Emoney Directive

(Note: the below is a high level review of certain potential issues and is not to be relied upon in any definitive manner nor as legal and/or regulatory advice).

The initial Emoney Directive has undergone its first revision with the new Directive (“Emoney Directive 2“) coming into force on 30 April 2011.

It is widely accepted that the first Emoney Directive did not provide a regulatory framework that cultivated technological innovation, nor grow a market of payment service providers offering credible competition to the banking sector. Emoney Directive 2 aims to overcome some of its predecessor’s challenges.

In particular, Emoney Directive 2:

  • Clarifies the definition of “e-money” –  server based account systems are now clearly covered
  • Significantly relaxes the prudential regime for e-money institutions, and
  • Widens the scope of business activities that e-money institutions are entitled to engage.

Emoney Directive 2 also aims to provide consistency with the Payment Services Directive and in doing so, looks to usefully streamline certain exemptions to mobile network operators and pre-paid card businesses.
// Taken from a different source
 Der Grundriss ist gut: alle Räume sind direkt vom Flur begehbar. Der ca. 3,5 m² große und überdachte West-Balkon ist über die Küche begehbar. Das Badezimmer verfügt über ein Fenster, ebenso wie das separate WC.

While the new provisions do provide increased compliance guidance when carrying out an e-money business, it also presents some challenges. These stem from the uncertainty of over important terms / concepts and increased consumer protection.

Examples include:

  • Lack of clarity over key concepts allowing exemption from regulation under the Emoney Directive and the PSD,
  • Increased consumer protection over the provisions relating to issuance and redemption of e-money.